Sharma Anil, Rastogi Neha, Chatterjee Goutomi, Kapoor Rohit, Nivargi Sagar, Yadav Satya P
Pediatric Hematology Oncology and Bone Marrow Transplant Unit, Cancer Institute, Medanta The Medicity Hospital, Gurgaon, Haryana, India.
J Pediatr Hematol Oncol. 2021 Oct 1;43(7):e1033-e1036. doi: 10.1097/MPH.0000000000002030.
Haploidentical family donor is universally available and is fast emerging as an alternative donor choice for children with leukemia needing hematopoietic stem cell transplant (HSCT). Here we describe our experience of treating children with acute leukemia by haploidentical HSCT with posttransplant cyclophosphamide (PTCy).
We retrospectively analyzed the outcome data of 17 children with acute leukemia who underwent related haploidentical HSCT. Fifteen were in complete remission (CR) before HSCT: CR1-6, CR2-7, and CR3-2 and 2 were not in remission. Donors were mobilized with granulocyte colony stimulating factor. The conditioning was nonmyeloablative in 4 and myeloablative in 13. All received PTCy 50 mg/kg on days 3 and 4 as graft-versus-host disease (GVHD) prophylaxis along with tacrolimus or cyclosporine and mycophenolate mofetil. A median of 8.94 million of CD34+ cells/kg was infused.

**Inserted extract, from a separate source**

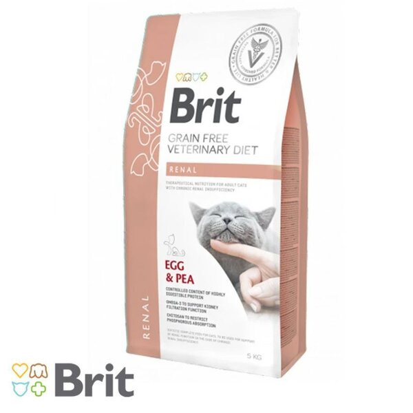 Диетична пълноценна храна за котки –  подпомага бъбречната функция при хронична бъбречна недостатъчност Препоръчва се при: ХРОНИЧНА БЪБРЕЧНА НЕДОСТАТЪЧНОСТ КАРДИОРЕНАЛЕН СИНДРОМ УРАТНА И ЦИСТИНОВА УРОЛИТИАЗА Ветеринарна диета BRIT Тя включва знания и опит, придобити през годините на успешно развитие и производство на храни за домашни любимци. Целта е да се предостави на ветеринарните лекари и техните клиенти безопасна и ПО-ДОБРА алтернатива на съществуващите марки. BRIT ВЕТЕРИНАРНИ ДИЕТИ – КЛЮЧОВИЯТ ПОДХОД Цялата гама от ветеринарната диета на Brit е създадена БЕЗ алергени като говеждо месо, млечни продукти, пшеница, царевица и соя. Източниците на протеин са внимателно подбрани, за да отговарят на хранителните нужди на домашните ни любимци. Формулите са обогатени с функционални съставки като пробиотици, биоактивни витамини и богати на DHA и EPA съставки за поддържане на хранителните и функционални свойства на диетите. Продуктите са тествани от ветеринарни клиники по стандартизиран метод. Основните предимства на формулите на Brit: БЕЗ ЗЪРНО Зърнените храни често са така наречените „празни калории“. Зърното често е свързано със затлъстяването на домашни любимци. Ето защо, Brit Veterinary diet е формулирана без зърно, което осигурява голяма поносимост на рецептите и предотвратява затлъстяването. ПРОБИОТИК Както при хората, така и при животните всички болести започват развитието си от стомаха! Поради тази причина Brit добавят пробиотици във всички ветеринарни храни.  Пробиотиците са съвременна функционална добавка, която допринася за подобряване на общото здравословно състояние и възстановяване чрез стабилизиране на чревната флора и храносмилането.  ОМЕГА-3, DHA, EPA Високо съдържание на богати на омега-3, DHA, EPA съставки, които осигуряват противовъзпалителен ефект и стимулират имунната защита. Благоприятстват за справянето с кожни проблеми. Състав: яйца (26%), жълт грах (25%), хидролизиран протеин от сьомга (10%), хидролизиран пилешки протеин (8%), пилешка мазнина (8%), елда, ябълкова каша, масло от сьомга (2%), хидролизирано пиле черен дроб (2%), черупки от яйца (източник на калций), минерали, бирена мая, калиев цитрат (0,8%), люспи и семена от псилиум (0,5%), сушени водорасли (0,5%, Ascophyllum nodosum), хитозан (0, 08%), екстракт от дрожди (източник на манан-олигозахариди, 0,025%), β-глюкани (0,022%), фрукто-олигозахариди (0,02%), Мохаве юка (0,02%), морски зърнастец (0,015%). Аналитични съставки: суров протеин 23,0 %, съдържание на мазнини 19,0 %, сурови влакнини 2,2 %, сурова пепел 5,2 %, влага 10 %, омега 3 0,75 %, омега 6 3,0 %, калций 0,7 %, фосфор 0,4 %, натрий 0,3 %, магнезий 0,08 %, калий 0,5%, аргинин 0,65%, таурин 0,23% Хранителни добавки в 1 кг.: витамин A (3a672a) 25 000 I.U., витамин D3 (E671) 850 I.U., витамин E (3a700) 1000 mg, витамин C (3a312) 400 mg, холин хлорид (3a890) 2300 mg, биотин (3a880) 3 mg, витамин B1 ( 3a821) 10 mg, витамин B2 30 mg, ниацинамид (3a315) 100 mg, калциев-D-пантотенат (3a841) 60 mg, витамин B6 (3a831) 35 mg, фолиева киселина (3a316) 15 mg, витамин B12 0,18 mg, цинк хелат на аминокиселини хидрат (3b606) 120 mg, железен хелат на аминокиселини хидрат (E1) 60 mg, манганов хелат на аминокиселини хидрат (E5) 60 mg, калиев йодид (3b201) 4 mg, меден хелат на аминокиселини хидрат ( E4) 3,5 mg, органична форма на селен, произведен от Saccaromyces cerevisiae CNCM I-3060 (селенизирани инактивирани дрожди) (3b8.10) 0,2 mg, таурин (3a370) 2300mg, L-картинин (3a910) 230 mg, аргинин (3c3.6.1.) 3 200 mg, L-метионин (3c305) 4 000 mg. Стабилизатори на чревната флора на 1 kg: Enterococcus faecium DSM 10663/NCIMB 104

All patients were engrafted for neutrophil and platelets, except 1 child with refractory acute myeloid leukemia disease who relapsed before engraftment. Five children relapsed (4 died and 1 child with CD20-positive leukemia is disease free after Rituximab therapy). There was 1 transplant-related mortality due to grade IV GVHD. Remaining 11 patients are in CR. Acute GVHD was seen in 4 patients. Of 4, 3 children later developed chronic GVHD and all are alive and disease free. Three of 4 children who received nonmyeloablative conditioning have relapsed. Overall survival is 70.5% and event-free survival is 64.7%. Median follow-up of all patients was 393 days.
Haploidentical HSCT with PTCy is a safe and effective therapy for children with acute leukemia. Myeloablative conditioning and chronic GVHD lead to improved disease-free survival.
单倍体相合的家族供体普遍可得,并且正迅速成为需要造血干细胞移植(HSCT)的白血病患儿的一种替代供体选择。在此,我们描述我们采用移植后环磷酰胺(PTCy)进行单倍体相合HSCT治疗急性白血病患儿的经验。
我们回顾性分析了17例接受相关单倍体相合HSCT的急性白血病患儿的结局数据。15例在HSCT前处于完全缓解(CR)状态:CR1期6例、CR2期7例、CR3期2例,2例未缓解。供体采用粒细胞集落刺激因子进行动员。4例采用非清髓性预处理,13例采用清髓性预处理。所有患儿在第3天和第4天均接受50mg/kg的PTCy以预防移植物抗宿主病(GVHD),同时联合使用他克莫司或环孢素以及霉酚酸酯。中位数为每千克体重输注894万个CD34+细胞。
除1例难治性急性髓系白血病患儿在植入前复发外,所有患者的中性粒细胞和血小板均实现植入。5例患儿复发(4例死亡,1例CD20阳性白血病患儿在接受利妥昔单抗治疗后无病生存)。有1例因IV级GVHD导致的移植相关死亡。其余11例患者处于CR状态。4例患者出现急性GVHD。其中4例中有3例患儿后来发展为慢性GVHD,且均存活且无病生存。接受非清髓性预处理的4例患儿中有3例复发。总生存率为70.5%,无事件生存率为64.7%。所有患者的中位随访时间为393天。
采用PTCy的单倍体相合HSCT是治疗急性白血病患儿的一种安全有效的疗法。清髓性预处理和慢性GVHD可提高无病生存率。